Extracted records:
[Start of section]
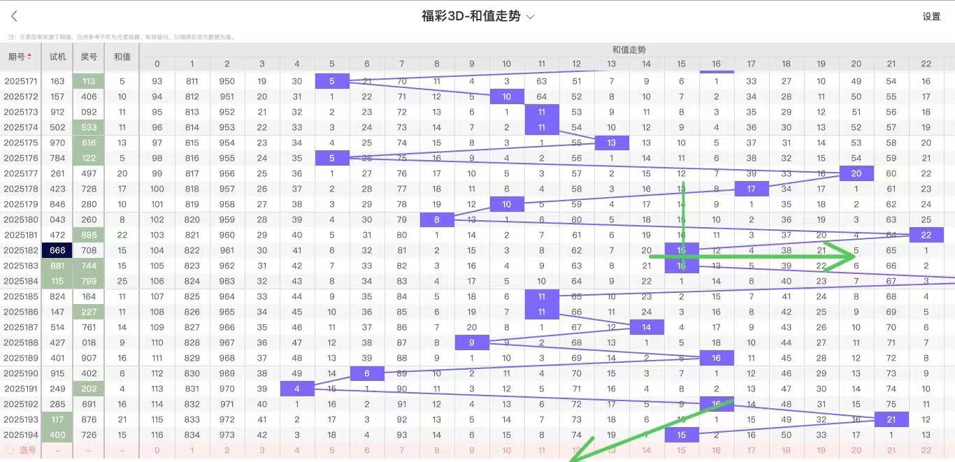 2025195期福彩3D和值走势图如下:
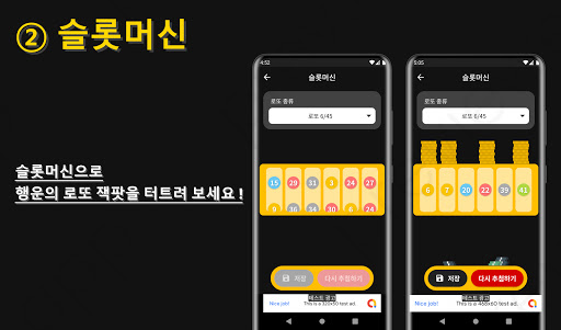 - 1등잭팟을 향해 돌아가는 슬롯머신을 돌리면, 로또볼이 하나씩 멈추면서 당신의 잭팟번호를 알려드립니다.
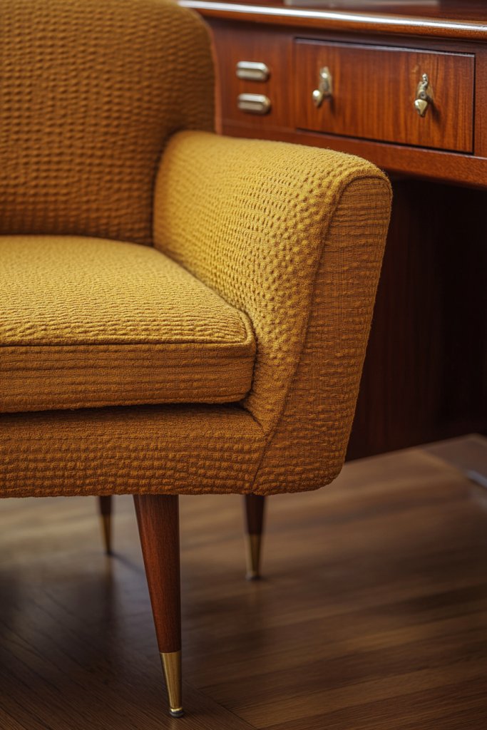 Picture a sleek, tapered-legged sofa in a warm, muted hue like mustard or teal, paired with a vintage-inspired wooden desk that features rounded edges and tapered legs. The room is illuminated by warm, soft lighting, with geometric patterned rugs grounding the space. Decorative accents include minimalist lamps, textured cushions, and a few retro accessories, creating a perfect balance of nostalgia and modernity. The ambiance feels inviting, stylish, and a bit playful.
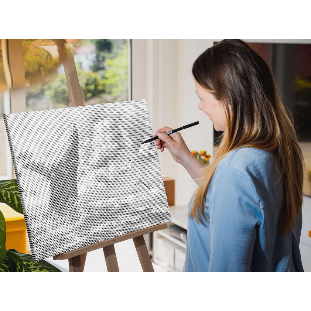 Hlavná úloha spočíva vo vypĺňaní koliesok rôznych veľkostí, predtlačených na plátne, farebnou fixkou. U niektorých stačí urobiť malú bodku, u väčších koliesok je skôr potrebné vyfarbovať. Chce to trochu trpezlivosti, ale keď sa vám stovky malých bodiek začnú pred očami premieňať na zvolený motív, budete mať chuť začať skákať od radosti. Keď urobíte poslednú bodku za svojím dielom, môžete obdivovať fotku premenenú na dvojfarebnú nádheru a rovno si ju zavesiť na stenu (ak si zvolíte obraz s vnútorným rámom).
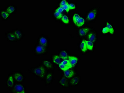 Immunofluorescence staining of Hela cells with CSB-PA891536LA01HU at 1:166, counter-stained with DAPI. The cells were fixed in 4% formaldehyde, permeabilized using 0.2% Triton X-100 and blocked in 10% normal Goat Serum. The cells were then incubated with the antibody overnight at 4°C. The secondary antibody was Alexa Fluor 488-congugated AffiniPure Goat Anti-Rabbit IgG(H+L).
[End of section]
▶ _What the task requires_
Copy out, without any pictures, the lines of the records above from the one containing "- 1등잭팟을 향해 돌아가는" through the final line, both ends included.

▶ _Written answer_
 - 1등잭팟을 향해 돌아가는 슬롯머신을 돌리면, 로또볼이 하나씩 멈추면서 당신의 잭팟번호를 알려드립니다.
 Picture a sleek, tapered-legged sofa in a warm, muted hue like mustard or teal, paired with a vintage-inspired wooden desk that features rounded edges and tapered legs. The room is illuminated by warm, soft lighting, with geometric patterned rugs grounding the space. Decorative accents include minimalist lamps, textured cushions, and a few retro accessories, creating a perfect balance of nostalgia and modernity. The ambiance feels inviting, stylish, and a bit playful.
 Hlavná úloha spočíva vo vypĺňaní koliesok rôznych veľkostí, predtlačených na plátne, farebnou fixkou. U niektorých stačí urobiť malú bodku, u väčších koliesok je skôr potrebné vyfarbovať. Chce to trochu trpezlivosti, ale keď sa vám stovky malých bodiek začnú pred očami premieňať na zvolený motív, budete mať chuť začať skákať od radosti. Keď urobíte poslednú bodku za svojím dielom, môžete obdivovať fotku premenenú na dvojfarebnú nádheru a rovno si ju zavesiť na stenu (ak si zvolíte obraz s vnútorným rámom).
 Immunofluorescence staining of Hela cells with CSB-PA891536LA01HU at 1:166, counter-stained with DAPI. The cells were fixed in 4% formaldehyde, permeabilized using 0.2% Triton X-100 and blocked in 10% normal Goat Serum. The cells were then incubated with the antibody overnight at 4°C. The secondary antibody was Alexa Fluor 488-congugated AffiniPure Goat Anti-Rabbit IgG(H+L).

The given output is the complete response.